(Dataset items)

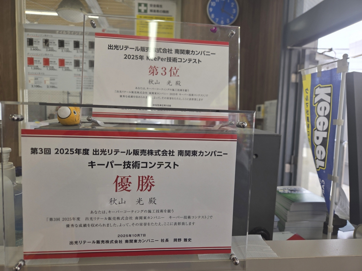 キーパーコーティング技術1級資格者
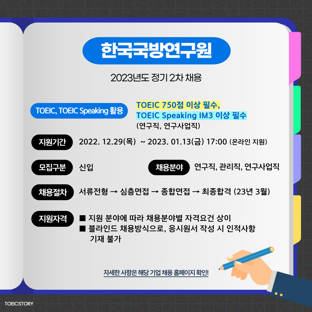 | 한국국방연구원 | 신입 | 2023년도 정기 2차 채용 공고 | 1.13(금) 17:00 | TOEIC 750점 이상 필수, TOEIC Speaking IM3 이상 필수 |
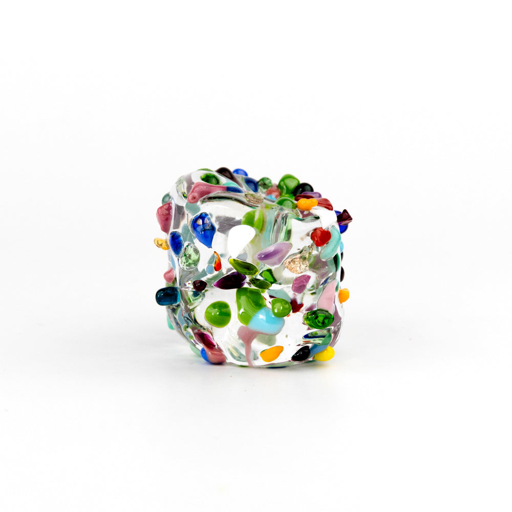 This handmade Pebble incense holder is a pleasure to look at whether you have incense burning or not. The heavy glass with decorative elements is perfect for those longer incense sticks. The small size allows you to easily store it away if you don't need it out at all times. Each Pebble is handmade and varies in size and shape, no two are exactly alike! These are made of clean glass containing no lead, not actual "crystal glass".
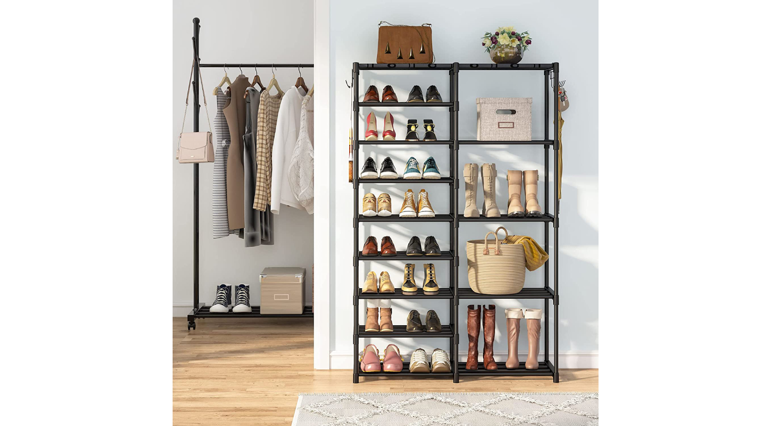 Taming shoe chaos is easy with the Kmall Multi-Tiered Shoe Rack 84.5 x 141.5cm! Crafted from a sturdy metal pipe with a rust-resistant powder-coated finish, this rack boasts long-lasting good looks. This versatile wonder can be used for storing footwear, bags, toys, etc. It’s perfect for your entryway, closet, or anywhere you need extra storage.
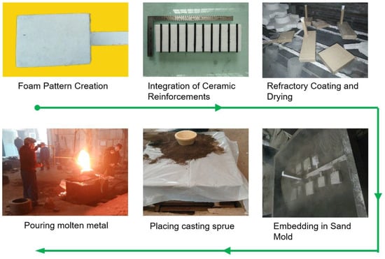 In this study, the lost-foam casting process was employed to fabricate large ceramic-reinforced TWIP steel matrix composites. The procedure involved several key steps to ensure the successful integration of ceramic reinforcements within the TWIP steel matrix.
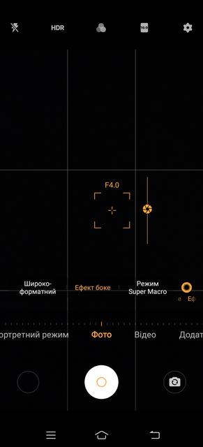 В режиме "Фото", который активен по умолчанию, работает гибридный зум, задействующий три из четырех имеющихся фотомодулей – сверхширокоугольный (2), основной (1) и телеобъектив (4). Портретный объектив (2) здесь не задействуется. При этом значения зума, которые не может обеспечить оптика, достигаются программным масштабированием изображения, что хорошо видно при увеличении 10х и более. В выпадающем меню эффектов, расоложенным справа над линейкой режимов съёмки, дублируется зум 0,6х ("Широкоформатный"), а также включается эффект боке и режим "Супермакро".
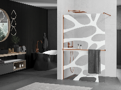 Mexen Kioto+ душ панел със стойка Walk-in 120 x 200 см, бяла вълна, розово злато - 800-120-121-60-97
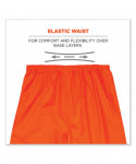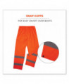 Lightweight hi-vis rain pants offer protection against wet conditions while ensuring safety. A comfortable elastic waistband means these waterproof work pants can be worn alone or over a base layer, while the pant legs have snap cuffs to easily fit over boots and tightened to keep the wind out. These work rain pants are built for demanding conditions with rugged yet lightweight waterproof materials (150D polyester oxford material with a PU coating) and fully taped seams. The ANSI/ISEA 107 compliant high visibility polyester fabric and 2 reflective tape keeps workers highly visible at night or in low light conditions. These hi-vis waterproof pants meet ANSI 107 Supplemental Class E Standards. Made for the industrial workplace and workers in low-light environments, flagging crews, utility c
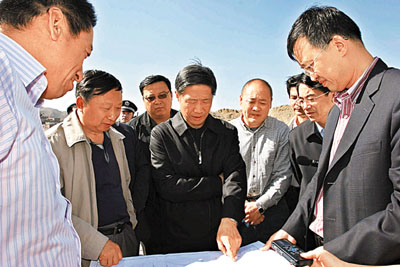 ■新疆黨委常委、烏魯木齊市委書記朱海侖(中),市委常委、常務副市長張鴻(右二),市政協副主席、建委黨組書記馮瑞玉(左二)等市領導在棚戶區改造工程現場指導工作。
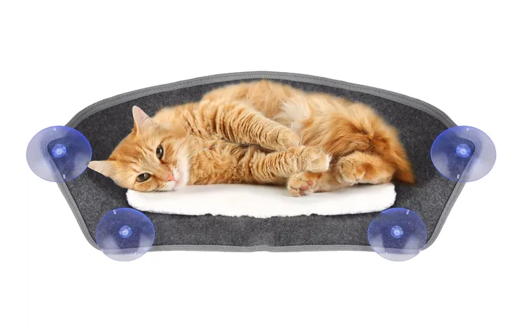 Does your cat love to sit by the window? Then this grey cat bed with suction cups is perfect for you both! The felt material gives it a stylish look and the removable cushion makes it extra comfortable. Let your cat enjoy the view and spy on the neighbourhood together!
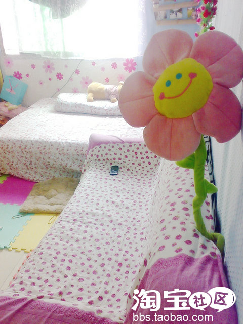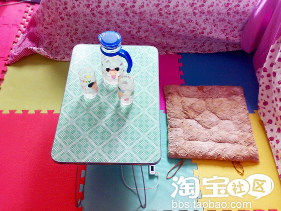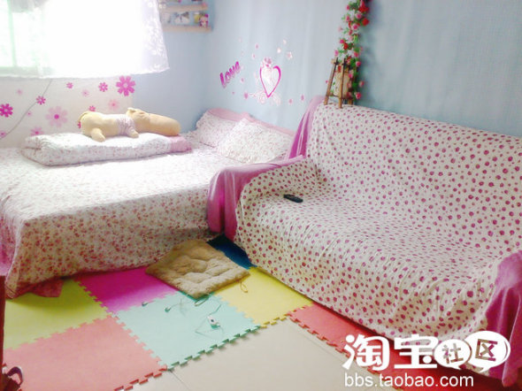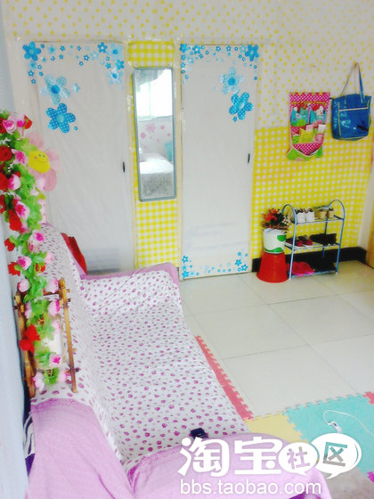 感觉地面是白色的不是很好看,而且很容易脏,所以就买了这些地垫铺在地面上,感觉很不错。墙体是淡蓝色的,因为是租来的房子,所以不能随便在墙面上上涂料,所以就买了布料,钉在墙上、感觉和涂料是一样的
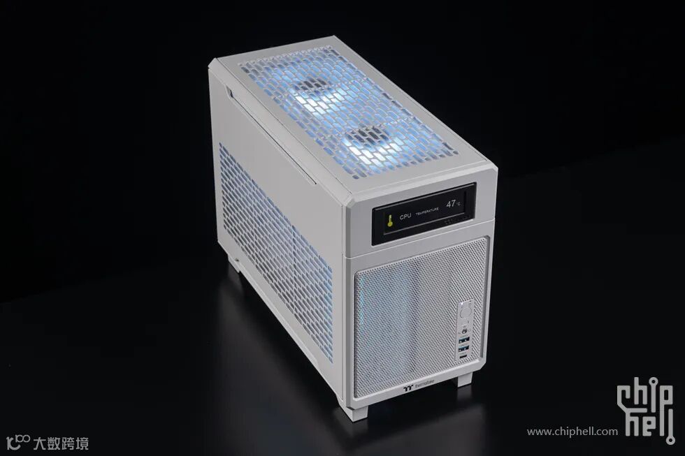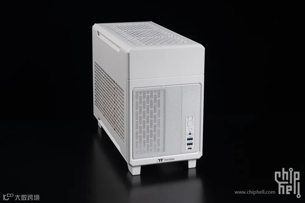 机箱主体采用 SPCC 钢材打造,表面经过磨砂处理,触感细腻且不易沾染指纹。正面设计简洁,印有 Tt 的品牌 Logo,两侧则是大面积的冲网孔,既保证了进气量,又为机箱增添了一丝工业风质感。
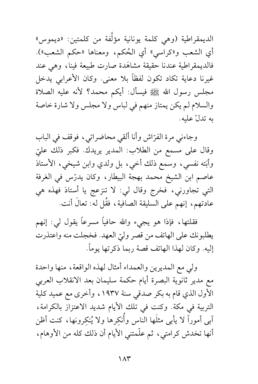 ولي مع المديرين والعمداء أمثال لهذه الواقعة، منها واحدة مع مدير ثانوية البصرة أيام حكمة سليمان بعد الانقلاب العربي الأول الذي قام به بكر صدقي سنة 1937، وأخرى مع عميد كلية التربية في مكة. وكنت في تلك الأيام شديد الاعتزاز بالكرامة، آبى أموراً لا يأبى مثلَها الناس وأُنكِرها ولا يُنكِرونها، كنت أظن أنها تخدش كرامتي، ثم علّمتني الأيام أن ذلك كله من الأوهام،
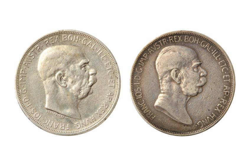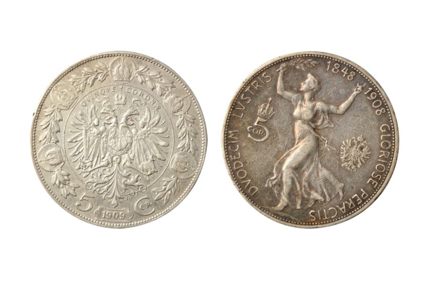 consisting of: 1908 5 corona, Obv: Bare head of Franz Joseph I facing right. Rev: Fame running left with olive branch in right hand. KM. 2809. Good Very Fine. 1909 5 corona. Obv: Older, bare head of Franz Joseph I facing right. Rev: Imperial double headed eagle, 1909 below. KM. 2813. Good Very Fine - Near Extremely Fine.
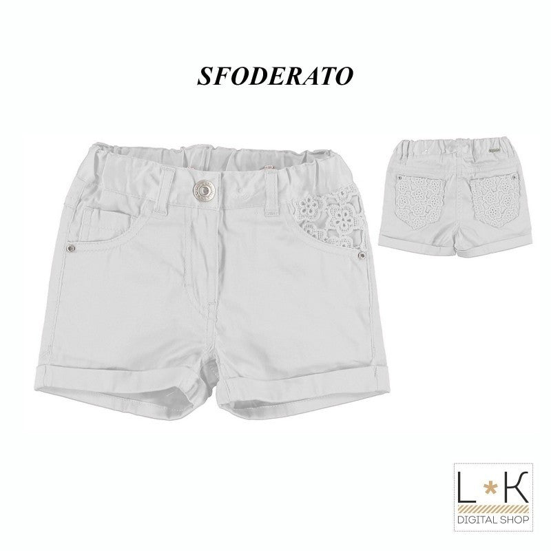 -Short in white cotton with embroidered back pockets and left pocket on the front
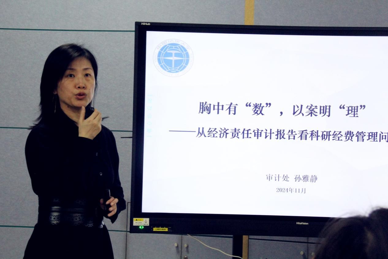孙雅静应邀为全院教职工做了题为《胸中有“数”,以案明“理”—从经济责任审计报告看科研经费管理问题》的专题培训报告。她简要介绍了经济责任审计的内涵、需要关注的七类问题及表现,着重对科研经费管理问题及案例进行了重点讲解,让大家知晓红线和底线,并对各项工作广泛开展提供了指导意见。

■ REQUIREMENT ■
Repeat the data word for word, excluding any image.

■ TASK SOLUTION ■
 キーパーコーティング技術1級資格者
 | 한국국방연구원 | 신입 | 2023년도 정기 2차 채용 공고 | 1.13(금) 17:00 | TOEIC 750점 이상 필수, TOEIC Speaking IM3 이상 필수 |
 This handmade Pebble incense holder is a pleasure to look at whether you have incense burning or not. The heavy glass with decorative elements is perfect for those longer incense sticks. The small size allows you to easily store it away if you don't need it out at all times. Each Pebble is handmade and varies in size and shape, no two are exactly alike! These are made of clean glass containing no lead, not actual "crystal glass".
 Taming shoe chaos is easy with the Kmall Multi-Tiered Shoe Rack 84.5 x 141.5cm! Crafted from a sturdy metal pipe with a rust-resistant powder-coated finish, this rack boasts long-lasting good looks. This versatile wonder can be used for storing footwear, bags, toys, etc. It’s perfect for your entryway, closet, or anywhere you need extra storage.
 In this study, the lost-foam casting process was employed to fabricate large ceramic-reinforced TWIP steel matrix composites. The procedure involved several key steps to ensure the successful integration of ceramic reinforcements within the TWIP steel matrix.
 В режиме "Фото", который активен по умолчанию, работает гибридный зум, задействующий три из четырех имеющихся фотомодулей – сверхширокоугольный (2), основной (1) и телеобъектив (4). Портретный объектив (2) здесь не задействуется. При этом значения зума, которые не может обеспечить оптика, достигаются программным масштабированием изображения, что хорошо видно при увеличении 10х и более. В выпадающем меню эффектов, расоложенным справа над линейкой режимов съёмки, дублируется зум 0,6х ("Широкоформатный"), а также включается эффект боке и режим "Супермакро".
 Mexen Kioto+ душ панел със стойка Walk-in 120 x 200 см, бяла вълна, розово злато - 800-120-121-60-97
 Lightweight hi-vis rain pants offer protection against wet conditions while ensuring safety. A comfortable elastic waistband means these waterproof work pants can be worn alone or over a base layer, while the pant legs have snap cuffs to easily fit over boots and tightened to keep the wind out. These work rain pants are built for demanding conditions with rugged yet lightweight waterproof materials (150D polyester oxford material with a PU coating) and fully taped seams. The ANSI/ISEA 107 compliant high visibility polyester fabric and 2 reflective tape keeps workers highly visible at night or in low light conditions. These hi-vis waterproof pants meet ANSI 107 Supplemental Class E Standards. Made for the industrial workplace and workers in low-light environments, flagging crews, utility c
 ■新疆黨委常委、烏魯木齊市委書記朱海侖(中),市委常委、常務副市長張鴻(右二),市政協副主席、建委黨組書記馮瑞玉(左二)等市領導在棚戶區改造工程現場指導工作。
 Does your cat love to sit by the window? Then this grey cat bed with suction cups is perfect for you both! The felt material gives it a stylish look and the removable cushion makes it extra comfortable. Let your cat enjoy the view and spy on the neighbourhood together!
 感觉地面是白色的不是很好看,而且很容易脏,所以就买了这些地垫铺在地面上,感觉很不错。墙体是淡蓝色的,因为是租来的房子,所以不能随便在墙面上上涂料,所以就买了布料,钉在墙上、感觉和涂料是一样的
 机箱主体采用 SPCC 钢材打造,表面经过磨砂处理,触感细腻且不易沾染指纹。正面设计简洁,印有 Tt 的品牌 Logo,两侧则是大面积的冲网孔,既保证了进气量,又为机箱增添了一丝工业风质感。
 ولي مع المديرين والعمداء أمثال لهذه الواقعة، منها واحدة مع مدير ثانوية البصرة أيام حكمة سليمان بعد الانقلاب العربي الأول الذي قام به بكر صدقي سنة 1937، وأخرى مع عميد كلية التربية في مكة. وكنت في تلك الأيام شديد الاعتزاز بالكرامة، آبى أموراً لا يأبى مثلَها الناس وأُنكِرها ولا يُنكِرونها، كنت أظن أنها تخدش كرامتي، ثم علّمتني الأيام أن ذلك كله من الأوهام،
 consisting of: 1908 5 corona, Obv: Bare head of Franz Joseph I facing right. Rev: Fame running left with olive branch in right hand. KM. 2809. Good Very Fine. 1909 5 corona. Obv: Older, bare head of Franz Joseph I facing right. Rev: Imperial double headed eagle, 1909 below. KM. 2813. Good Very Fine - Near Extremely Fine.
 -Short in white cotton with embroidered back pockets and left pocket on the front
孙雅静应邀为全院教职工做了题为《胸中有“数”,以案明“理”—从经济责任审计报告看科研经费管理问题》的专题培训报告。她简要介绍了经济责任审计的内涵、需要关注的七类问题及表现,着重对科研经费管理问题及案例进行了重点讲解,让大家知晓红线和底线,并对各项工作广泛开展提供了指导意见。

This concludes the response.